I think thats about it from my personal stuff (i may have forgotten some stuff though)

In addition to all that, everything we have from Gesshin Hide will be there and a bunch of new stuff at the show

(my personal knives arent going to be out at the show, but if you want to check things out, let me know... at the end of the day, we are there representing Gesshin Hide though)


----------



## mattrud (Mar 1, 2012)

I will take everything. can I do that? what days are you at the show? and a few of my guys want to know if you have anything to sell.

thanks Jon!


----------



## JBroida (Mar 1, 2012)

we'll be at the show from the 4th to the 6th... almost all of the gesshin hide stuff we will have there will be for sale (there are a couple of exceptions)

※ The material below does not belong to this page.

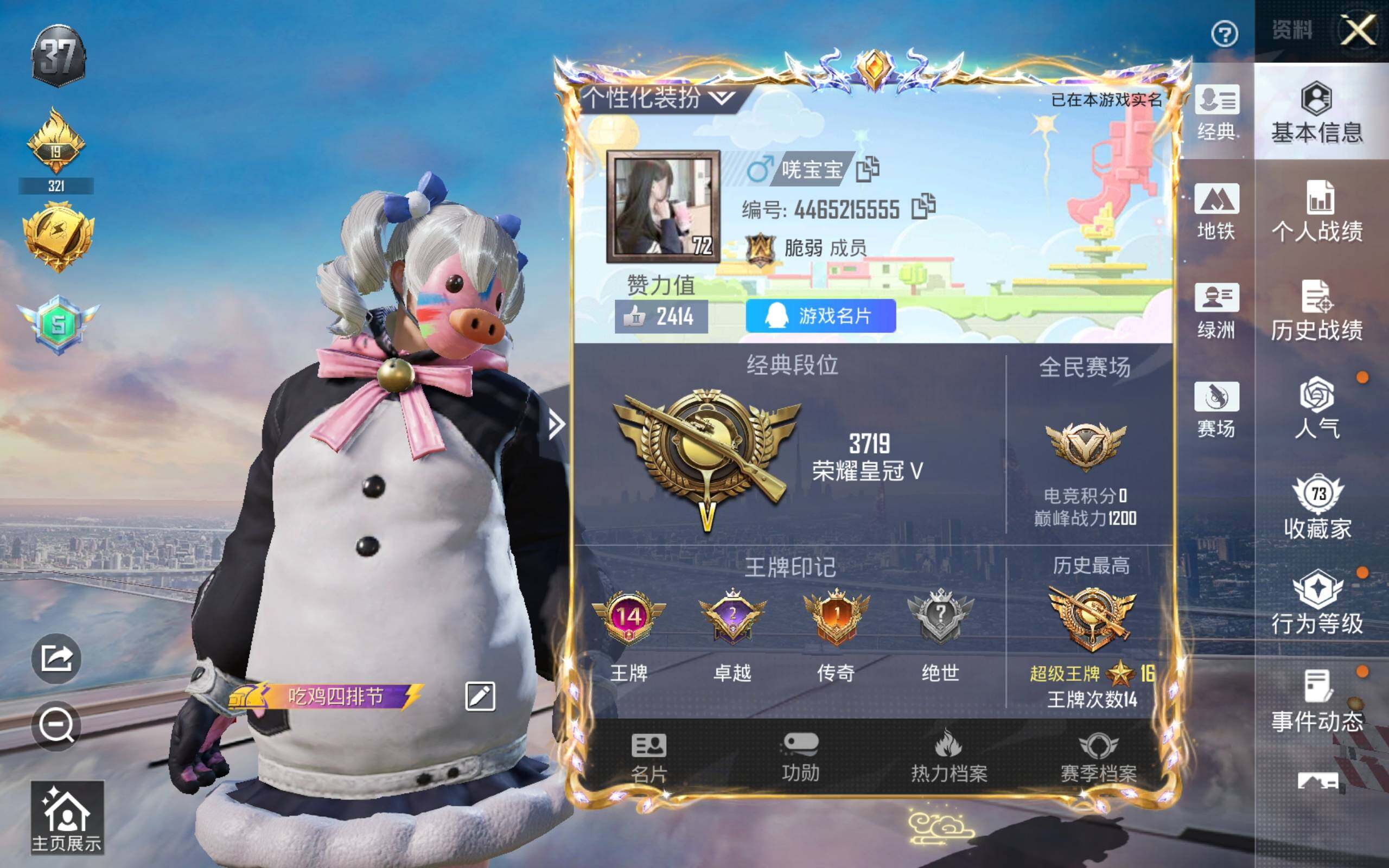 公主号-地铁满天赋-千金淑猫/彩虹甜喵/猪脸/胖达/浪漫天命/兔兔白日梦/萌神柯基/宝贝奶油派/冰霜白皇/炙焰红王/彩虹鹿灵/蓝莓炮弹/岚岚物语/霁雪冰心/冰川幽秘/莲影清波/异瞳寒姬/冷漠罗丽/spas蜜语绒猫7级/pkm天星战神7级/ak绿萝繁花5级/98k巳巳如意5级/mk14闲梦青缨5级/dp28豹影疾电5级/slr暗夜玫瑰1级(14粉套7粉呛)没战神框hp4251-3粉色飞行器-84347热力值-14王牌印记-203套装-250呛皮 【热门品类】:粉装-缤纷油彩,套装-浪漫天命,套装-胖达圆圆,套装-龟仙人 【粉色套装】:粉装-宝贝奶油派,粉装-缤纷油彩,粉装-冰霜白皇,粉装-炙焰红王,粉装-彩虹鹿灵,粉装-蓝莓炮弹,粉装-岚岚物语,粉装-霁雪冰心,粉装-彩虹甜喵,粉装-冰川幽秘,粉装-莲影清波,角色-千金淑猫,角色-冷漠罗丽,角色-异瞳寒姬 【粉色呛皮等级】:akm-绿萝繁花五级,kar98k-巳巳如意五级,slr-暗夜玫瑰一级,spas-12-蜜语绒猫七级,dp-28-豹影疾电五级,pkm-天星战神七级 【粉色呛皮】:akm-绿萝繁花,kar98k-巳巳如意,mk14-闲梦青缨,slr-暗夜玫瑰,spas-12-蜜语绒猫,dp-28-豹影疾电,pkm-天星战神 【粉色飞行器】:南国舞曲飞行器,萌物绒绒飞行器 【粉色降落伞】:精灵迷巫降落伞,银刃赛罗降落伞,童趣迷兔降落伞,星之彼岸降落伞,暗夜玫瑰降落伞,蓝莓炮弹降落伞,橘柚倾心降落伞,甜梦小狐降落伞,绒雪飘舞降落伞,垂柳戏鸭降落伞,彩虹甜喵降落伞,旋转彩虹降落伞,冰川粉黛降落伞,炫光之旅降落伞,莲影清波降落伞,圣堂之誓降落伞,雪月幻音降落伞,无垠阁降落伞,异瞳寒姬降落伞 【稀有套装】:套装-龟仙人,套装-巳巳如意,套装-糖糖葫芦,套装-青团波波,角色-都市丽猫,角色-摩登魅猫,角色-俏兔智灵,套装-燕燕于飞,套装-鱼渊荷华,角色-风玲,套装-粉恋花,套装-紫幽梦,套装-蓝冰羽,角色-鲛海歌灵,套装-星渊小夜曲,套装-霓虹热舞,套装-彩虹兔,套装-云朵鹅,套装-雪绒豹,套装-蜜露汐语,套装-蓝海鲸歌,套装-朱霞炽焰,套装-凌霄紫焰,套装-擎苍青焰,角色-紫俏灵猫,套装-炫彩糖果 【稀有呛皮】:aug-冰晶雪宝,akm-墨染幽兰,akm-夜灯,akm-彩虹符号,akm-破晓战魂,akm-萌趣颜团子,akm-虎虎生威,akm-龙的传人,m16a4-幻世战舞者,m16a4-甜心亚梦,m16a4-红色方程式,m16a4-蓝色火焰,m16a4-千金淑猫,scar-l-暗夜玫瑰,scar-l-炫彩节奏,scar-l-玉兔迎春,scar-l-红色方程式,scar-l-青丘仙客,m416-糯团青竹,m416-红色方程式,m416-蓝色火焰,m416-魔法学院,groza-异彩先驱,groza-彩虹符号,groza-懵萌河马,groza-治愈之星,groza-田园牧歌,groza-蓝莓炮弹,aug-冰川粉黛,aug-天降萌叽,aug-怪笑疯兔,aug-耀粉歌者,aug-青春冒险家,aug-金蛇镇世,q-妙趣可丽,m762-瑞龙福将,m762-绒雪飘舞,m762-绯红前夜,m762-云朵鹅,mk47-摩登王国,mk47-青春冒险家,g36c-懵萌河马,g36c-暗夜玫瑰,ac-val-天降萌叽,ac-val-彩虹甜喵,ac-val-快闪甜心,ac-val-甜心亚梦,蜜獾-垂柳戏鸭,蜜獾-天降萌叽,蜜獾-娇憨猪猪,arx-凌霄紫焰,uzi-啾咪啾咪,uzi-天降萌叽,uzi-娇憨猪猪,uzi-炫彩节奏,uzi-红色方程式,uzi-月影灵韵,ump45-生命誓言,ump45-蓝色火焰,vect-彩虹符号,vect-暗夜玫瑰,vect-治愈之星,vect-生命誓言,vect-田园牧歌,汤姆逊-天降萌叽,汤姆逊-异彩先驱,汤姆逊-炫彩节奏,汤姆逊-耀粉歌者,汤姆逊-智耀战神,野牛-王牌四分卫,野牛-青春冒险家,mp5k-异彩先驱,mp5k-怪笑疯兔,aks-74u-鬼刀,js9-凌霄紫焰,p90-快闪甜心,p90-甜蜜旋律,p90-巳巳如意,kar98k-2b战斗服款,kar98k-彩虹符号,kar98k-红色方程式,m24-治愈之星,m24-炫彩节奏,awm-王牌四分卫,sks-炫彩节奏,vss-彩虹符号,vss-田园牧歌,mini14-异彩先驱,mini14-旋转彩虹,mini14-穿刺龙虾,mini14-耀粉歌者,mini14-阿狸红,mini14-镭金极速,mk14-治愈之星,win94-怪笑疯兔,win94-瑞龙福将,slr-娇憨猪猪,qbu-青春冒险家,莫辛纳甘-南国舞曲,莫辛纳甘-懵萌河马,amr-墨龙九天,m417-惊鸿侠骨,mk20-h-快闪甜心,m200-惊鸿侠骨,svd-云朵鹅,svd-冷漠罗丽,s686-橘柚倾心,s686-灵感创作师,s686-生命誓言,s686-红色方程式,s686-魔法学院,s686-巳巳如意,s686-千金淑猫,s1897-暗夜鎏金,s1897-绮梦青鸾,s12k-玩趣呆呆,s12k-瑞龙福将,s12k-破晓战魂,s12k-夜灯,s12k-娇憨猪猪,s12k-幻世战舞者,s12k-是爱神辣,dbs-圣堂之誓,dbs-甜心亚梦,dbs-幻彩电音,dbs-月影灵韵,spas-12-田园牧歌,spas-12-云朵鹅,m249-彩虹符号,m249-破晓战魂,m249-糯团青竹,m249-莲影清波,dp-28-旋转彩虹,dp-28-橘柚倾心,dp-28-甜心亚梦,mg3-镜域双华,mg3-幻世战舞者,mg3-惊鸿侠骨,mg3-瑞龙福将,pkm-懵萌河马,mg-36-凌霄紫焰,p92-凌霄紫焰,p1911-粉锦千层,r45-幻彩电音,短管霰弹-星穹咏叹调,蝎式手呛-幽秘魅影,蝎式手呛-千金淑猫,沙墨之鹦-快闪甜心,沙墨之鹦-旋转彩虹,沙墨之鹦-云朵鹅,tmp-9-雪月幻音,爆炸猎弓-惊鸿侠骨,大砍刀-云朵鹅,大砍刀-黑金刀,平底锅-凌霄紫焰,破片手留单-巳巳如意 【其他套装】:套装-ss14特训,套装-ss15特训,套装-ss16特训,套装-ss17特训,套装-ss18特训,套装-ss19特训,套装-ss20特训,套装-ss21特训,套装-ss22特训,套装-ss24特训,套装-ss25特训,套装-ss26特训,套装-ss27特训,套装-人气偶像,套装-冷焰舞者,套装-吉莉礼服,套装-夏日倾情,套装-完美偶像,套装-战地督导,套装-极速红龙,套装-柠萌假日,套装-格斗先锋,套装-橘黑制服,套装-沙漠兵团,套装-浪漫天命,套装-深蓝色名流,套装-湖蓝色名流,套装-滨海厨神,套装-潮酷猛小鳄,套装-灰色格斗者,套装-灼焰舞者,套装-热血青春,套装-燃烧卡路里,套装-特战装甲,套装-特种颜团子,套装-特训学院,套装-猎鹰,套装-猛禽,套装-玉

On the personal knives and stones, feel free to check out any/all of them (except maybe the gesshin hide which i might keep at the event with me, but it doesnt mean you cant use them a bit)


----------



## mr drinky (Mar 1, 2012)

This is one day I wish I were a well-placed and not-so-scrupulous baggage handler loading suitcases onto Jon's plane. "I'm sorry Mr. Broida, your bag has been lost." 

k.


----------



## Chifunda (Mar 1, 2012)

"Good morning, Mr. Phelps. Your mission, should you chose to accept it..." :muahaha:


----------